Yahoo requires a revitalized vision and mission that both motivates its staff and inspires its customers. Carol’s inability to deliver either was at the heart of her failure.

As the longest serving General Manager of the largest Yahoo media property, Yahoo! Finance, my experience informs my perspective.  I worked at Yahoo from 2000–2005, during which time I saw the company stumble during the bubble burst, then rebuild into a strong and powerful marketing force before beginning this latest, long stall.

The path forward for Yahoo is not going to be painless but here are three smart and decisive moves that need to be taken to preserve shareholder value and customer loyalty. They are Porkchop, Pare Down and Find Humility.

1) Porkchop

First, sell off the following assets: Asian Assets, Yahoo! Finance and Yahoo! Sports.

The Asian Asset sale is a no-brainer and one that has been suggested before.  Yahoo! Finance is in desperate need of a new owner: the staff is two times what it was in 2005, while revenue is only one and a quarter times, six years later.

It is still one of the most popular financial sites yet there has been no major launch, redesign or innovation on Yahoo! Finance in six years. Yahoo! Finance would be a valuable asset for Bloomberg to acquire as a feeder site for paid services while they would both benefit from a fit of innovation.

2) Pare Down

What are all those 14,000 people doing?  I have a few simple formulas for undertaking a reduction of 7,000 employees.

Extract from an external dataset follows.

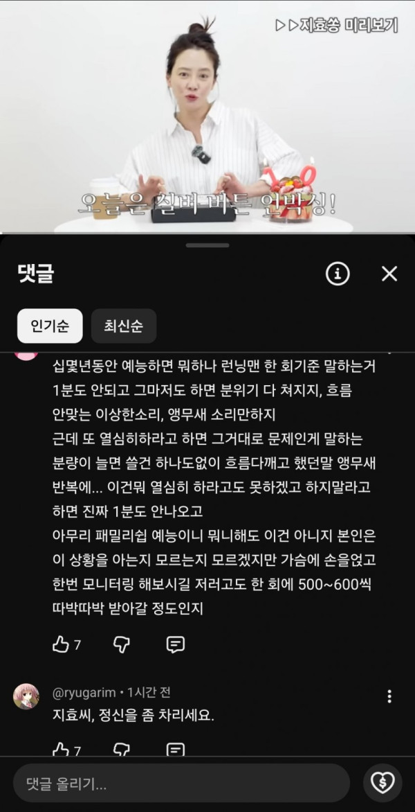 송지효 유튜브 댓글 점점 민심 10창 나는중

  • Anyone arriving after 9 a.m. and leaving before 5 p.m. more than once a week: OUT
  • Anyone spending more time with the baristas than at their desk, meeting with people from areas of the company that have nothing to do with their business: OUT
  • Anyone not replying to email within 24 hours 90% of the time: OUT
  • Anyone working from home more than one day a week, let them start looking for a job. WFHs: OUT
  • Anyone meeting to “talk about doing” rather than doing, or trying to graft onto a VP, SVP, EVP meeting for airtime more than once a day: OUT

From my observation, the above rules might get you down to 5,000 people which would be even better than my target of 7,000. The 5,000 people left were doing the work anyway, now at least they’ll get the credit!

3) Find Humility

Yahoo’s first CEO, Tim Koogle, always told employees to check their ego at the door. It worked.

Yahoo has had a series of ego-driven leaders more focused on themselves, their compensation, their positioning and PR for the last decade.

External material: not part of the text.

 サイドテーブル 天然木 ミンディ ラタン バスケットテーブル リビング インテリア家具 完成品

The company should focus on great products, innovation, disruption and consumers rather than watching executives publically take pot-shots at one another; scream about moving a Finance business to L.A. and distract the media by talking about the f-bomb.  The ego-maniacs being thrown about as saviors are stuffed suits and careerists who have spent more time jumping about for their own benefit rather than what matters, which are the consumers and the products.

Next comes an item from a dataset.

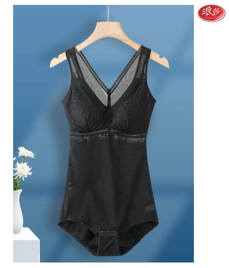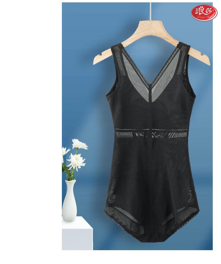 LangSha Tummy Control Body Shaping Bodysuit for Women with Breast Pad All-in-One Summer Thin Bra Waistless Seamless Slim Bodysuit (1 piece) Black M Recommended 80-100 catties 75A/B

Yahoo desperately needs to get back to basics like Friday morning product smack-downs, engineering-led innovation and using their own products with pride. The $16 billion challenge for any new leader is to create a leaner company with a fresh agenda—but in the meantime, these urgent triage measures are required.

While there’s still time.

The above views are the personal opinions of the author and do not reflect those of the Gilt Groupe or its partners.